• Activity: Would you return, word for word, the lines of the data below from the line with "In this rare" through the line with "Turquoise glue gun", and no others?

• Data:

==========

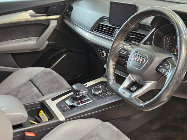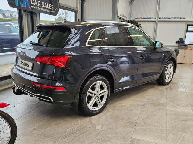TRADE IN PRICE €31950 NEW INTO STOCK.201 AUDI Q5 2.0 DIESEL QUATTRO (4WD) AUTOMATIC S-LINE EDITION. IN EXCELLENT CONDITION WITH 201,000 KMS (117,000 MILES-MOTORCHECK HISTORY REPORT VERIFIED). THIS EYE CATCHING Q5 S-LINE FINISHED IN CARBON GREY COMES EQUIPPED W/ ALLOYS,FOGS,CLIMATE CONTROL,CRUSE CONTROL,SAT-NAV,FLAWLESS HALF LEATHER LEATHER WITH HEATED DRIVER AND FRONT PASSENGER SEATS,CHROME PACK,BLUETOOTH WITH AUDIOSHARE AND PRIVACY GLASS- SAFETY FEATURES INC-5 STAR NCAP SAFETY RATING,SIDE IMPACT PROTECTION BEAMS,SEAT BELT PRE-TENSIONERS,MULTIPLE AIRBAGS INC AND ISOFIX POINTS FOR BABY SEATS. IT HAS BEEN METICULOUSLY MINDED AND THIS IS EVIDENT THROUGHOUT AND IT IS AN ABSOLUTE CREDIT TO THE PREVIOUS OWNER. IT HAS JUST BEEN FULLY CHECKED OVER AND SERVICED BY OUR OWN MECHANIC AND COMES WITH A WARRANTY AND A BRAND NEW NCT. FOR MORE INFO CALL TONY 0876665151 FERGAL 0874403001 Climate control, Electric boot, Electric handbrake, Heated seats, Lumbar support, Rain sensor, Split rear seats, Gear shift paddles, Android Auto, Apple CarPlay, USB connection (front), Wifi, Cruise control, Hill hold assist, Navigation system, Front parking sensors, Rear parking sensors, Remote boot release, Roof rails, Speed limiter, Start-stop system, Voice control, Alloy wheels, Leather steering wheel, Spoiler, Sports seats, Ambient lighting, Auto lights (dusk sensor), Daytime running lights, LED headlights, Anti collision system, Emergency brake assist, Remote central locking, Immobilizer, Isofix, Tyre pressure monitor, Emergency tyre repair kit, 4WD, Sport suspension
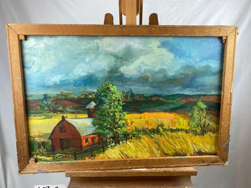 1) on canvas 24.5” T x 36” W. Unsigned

==========

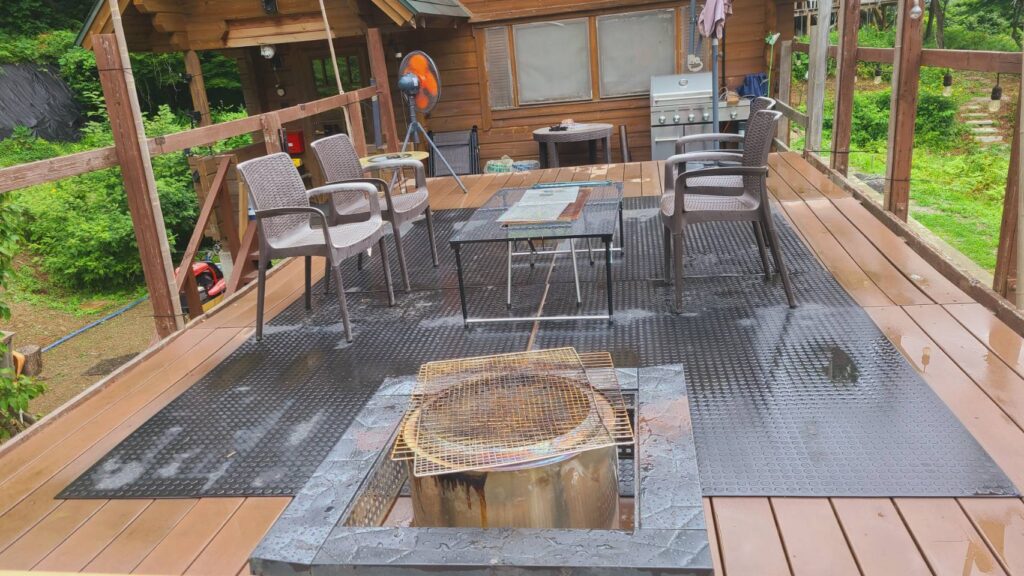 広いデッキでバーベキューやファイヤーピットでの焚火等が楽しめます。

==========

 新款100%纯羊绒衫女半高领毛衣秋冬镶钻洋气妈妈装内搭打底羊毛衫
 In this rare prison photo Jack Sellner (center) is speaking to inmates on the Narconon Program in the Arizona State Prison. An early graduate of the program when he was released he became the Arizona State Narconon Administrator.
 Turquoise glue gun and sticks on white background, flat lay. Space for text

==========

• Exercise output:
 In this rare prison photo Jack Sellner (center) is speaking to inmates on the Narconon Program in the Arizona State Prison. An early graduate of the program when he was released he became the Arizona State Narconon Administrator.
 Turquoise glue gun and sticks on white background, flat lay. Space for text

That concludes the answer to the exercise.